Trevol.
Habían transcurrido ya varias semanas desde que Luna se había mudado con nosotros. Eran días que oscilaban entre la exasperación por culpa de la pequeña y traviesa omega, y momentos de una pasión tan intensa que consumía la casa. Sin duda, Luna era nuestra perdición, un punto ciego en nuestra impecable disciplina.
En ocasiones, cuando el personal de servicio se había retirado, Luna se paseaba por la mansión con lencería mínima o shorts diminutos, haciendo que nuestra cordura se esfumara por completo. La necesitábamos, la forzábamos contra cualquier pared, cualquier superficie. Sin embargo, nuestro tiempo no solo se dedicaba a la disciplina y el desenfreno. La mayor parte del tiempo, disfrutábamos de una comodidad relajada y un afecto profundo entre los cinco.
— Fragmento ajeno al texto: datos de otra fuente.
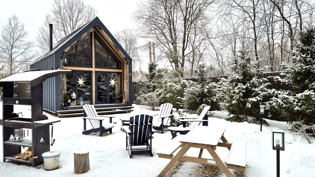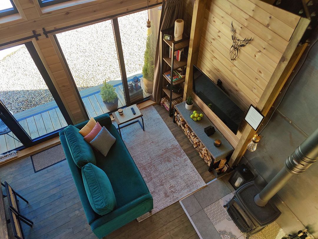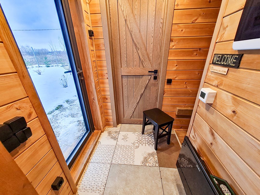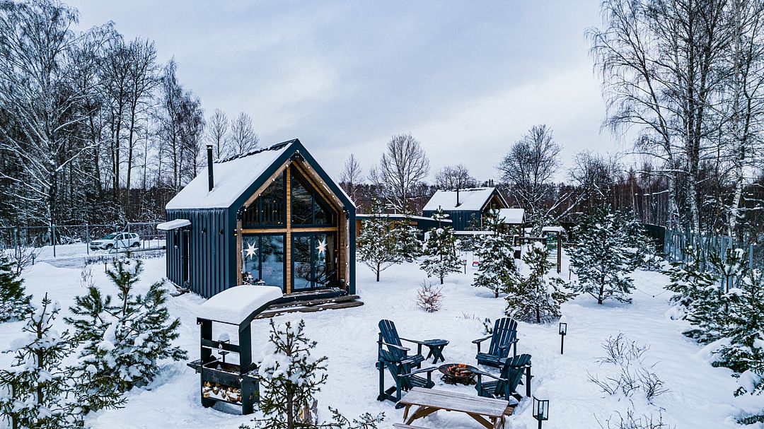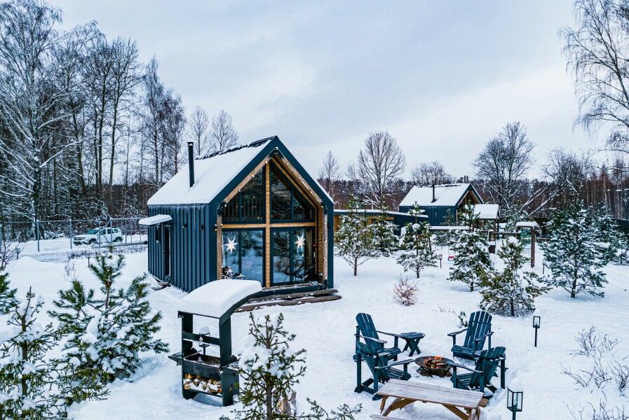 Домики выполнены в стиле барнхаус и рассчитаны на 4 человек. Они находятся на охраняемой, огороженной территории, где нет соседей, всего в 200 метрах от берега водохранилища. Заселение можно осуществить без контакта в любое удобное время.
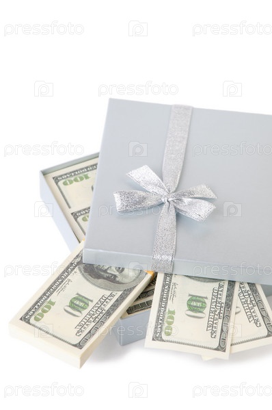 Крупным планом подарочная коробка с долларами, белый фон

—¿Jefe? —La voz de Robert me sacó de mis pensamientos.
—Continúa —indicaba, regresando la mirada a la pantalla de la sala de juntas.
Estábamos en la fase crítica para el lanzamiento de nuestro nuevo producto.
—Como decía, para las promociones del producto, el rostro debería ser el de una modelo que combine una imagen fresca con una madura —Robert cambió la diapositiva, mostrando varias fotos de modelos de agencia bien conocidas.
—¿Puedo ofrecer una opinión, jefe? —inquirió Steven, uno de los directores más jóvenes.
Le hice un gesto para que procediera.
—Adoro la idea de la frescura, pero descarto lo maduro. Nuestras compradoras más fervientes son mujeres jóvenes. Una modelo tradicional de agencia no generará el impacto viral que necesitamos. Hoy en día, la gente se guía por los influencers y creadores de contenido. Buscamos autenticidad y alcance masivo.
—Tienes un buen punto —admitió Robert, pensativo.
—¿Tienes alguna influencer en mente? —preguntó Luis.
—He investigado varias cuentas que serían excelentes opciones para el rostro que buscamos —respondió Steven.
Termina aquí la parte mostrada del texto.